All the figures the engineer at the power company was running were based on max load 100% of the time at all feeder locations coming from that transformer. That is 4 total meters. (The 3 on my building and one on a small single bed apartment next to my building.) Of the 4, only 2 are currently in use, mine being the highest usage. After talking further with the engineer about how little power is actually being used he seems EXTREMELY confident that I could basically do whatever I wanted with the existing power without negatively affecting anyone. So the plan to upgrade transformers, etc is out for now so long as half of the meters continue being out of service. (Which they will be, haven't been in service for years.)

I need to head over there and pay some more attention to the wire sizing feeding the fuse boxes after the meters. I have many options now that I have the go ahead to do what I want. I can either pull more amperage from my current service or activate one of the other meters and pull new service from it.

But one thing I am researching now is how to size the wire that will be feeding my welder circuit from the main. Can anyone help here?

And thanks for the input everyone.
 
This is finally coming to an end result.

My 100 amp service and the unused meter's service both have a 2-ga aluminum cable feeding to the fuse boxes. Going by NEC table 301-16 that means the max amps I can pull is about 100. The weird thing is that from the fuse box to my breaker box it is all 4-ga al and the other box is all 2-ga al. That means technically the cable in my shop is not rated for the service, yet it does fine. I found this funny since my service powers my massive shop and office whereas the other one powers an office the size of a small closet. So rather than trying to tax my tiny 4-ga wires with even more amps than they are already feeding, I am having the unused meter activated. This is convenient because its 2-ga cable actually runs through my shop right where I want the welder service at. The plan is to replace my 100-amp fuses at the meter with 150, install a breaker box inside that is fed through a 125-amp breaker which will feed the welder. Yes, I know technically the cable is not rated for that mush, but it seems there is a large safety factor built into those ratings based on my shop's service cable.

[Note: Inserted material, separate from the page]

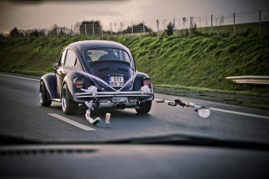 va leur expliquer les cannettes de bières qui trainent derrière... heuuuuu comment dire...

Even so, I still won't be able to feed the welder everything it wants, but it will be enough for me. There is also a power factor correction capacitor set for the welder that brings max draw down to 125 amps should I ever want it.
 
Without knowing the specifics or your situation, I really can't comment further. However I am curious. I am assuming this as an overhead service drop form a pole mounted transformer bank. There should be (typically) a splice point at the building mounted weatherhead that the power company splices into the customer supplied service entrance conductors that go to the meter and then into the breaker panel. Are you saying that the #2 AL is the wire size in the conduit from the weatherhead, thru the meter, and into the panel?
 
Puppy said:
Without knowing the specifics or your situation, I really can't comment further. However I am curious. I am assuming this as an overhead service drop form a pole mounted transformer bank. There should be (typically) a splice point at the building mounted weatherhead that the power company splices into the customer supplied service entrance conductors that go to the meter and then into the breaker panel. Are you saying that the #2 AL is the wire size in the conduit from the weatherhead, thru the meter, and into the panel?

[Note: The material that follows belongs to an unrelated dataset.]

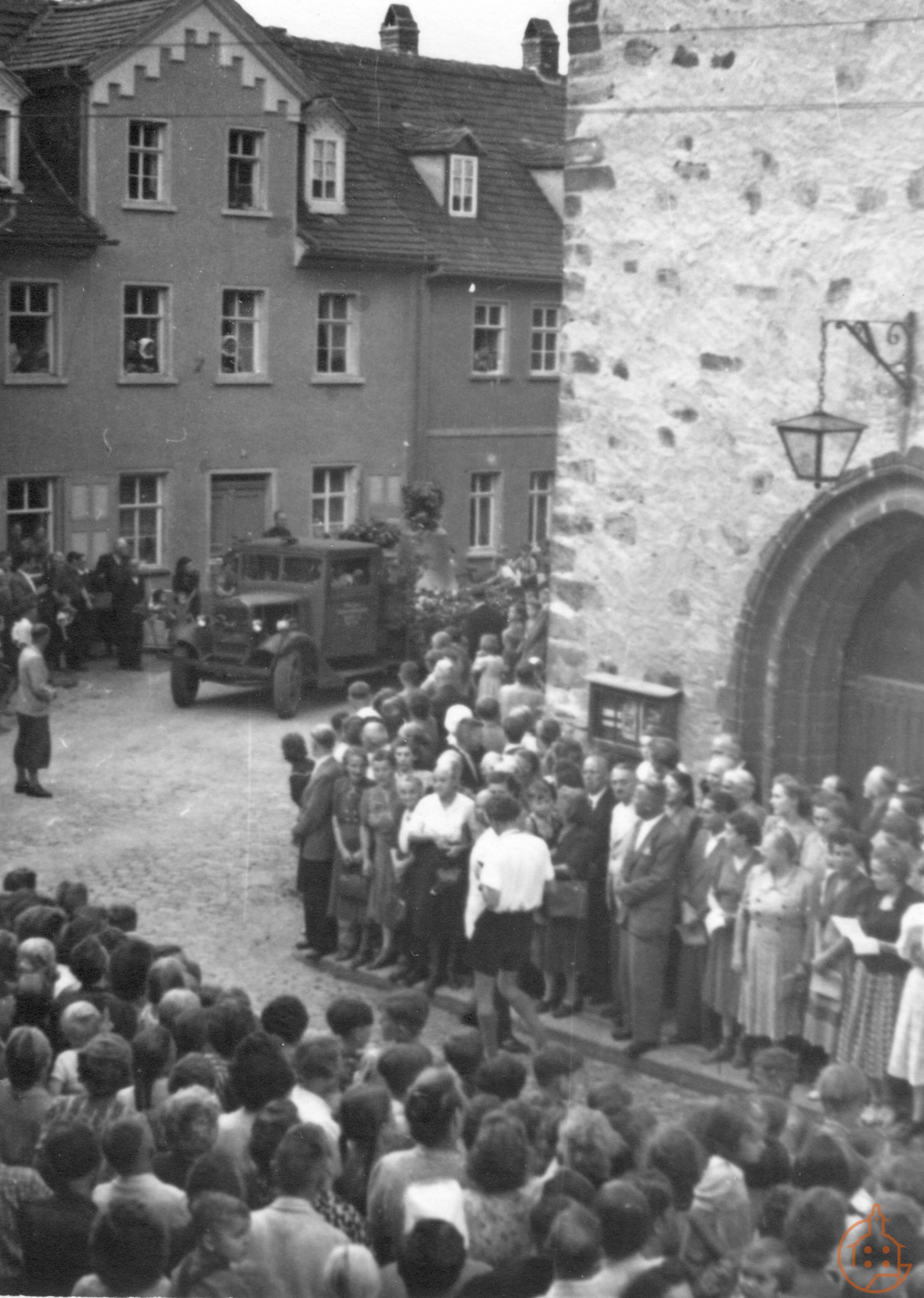 Ankunft der neuen Glocken auf einem LKW des Fuhrgeschäftes Willy Lorenz an der Stadtkirche St. Nicolai

No. That is much bigger than #2. That is what the engineer was pointing at when he came out and said that it was capable of "way more than 200 amps." From there the service goes down to the 3 meters and from each meter it goes to a fuse box via #2 at each. From the fuse box it goes into the respective building units. My unit is the largest but has the smallest cable coming from the box, #4. The small office space that isn't being used and I am now paying for has #2 going to it from the fuse box and happens to run through my shop before it goes into the office. So I'm just going to cut the cable to the office and put my own box at the cut. If the office ever gets used again I'll reassess.

Oh, and for whoever initially mentioned to look at the big number on my transformer, it is 50kwh.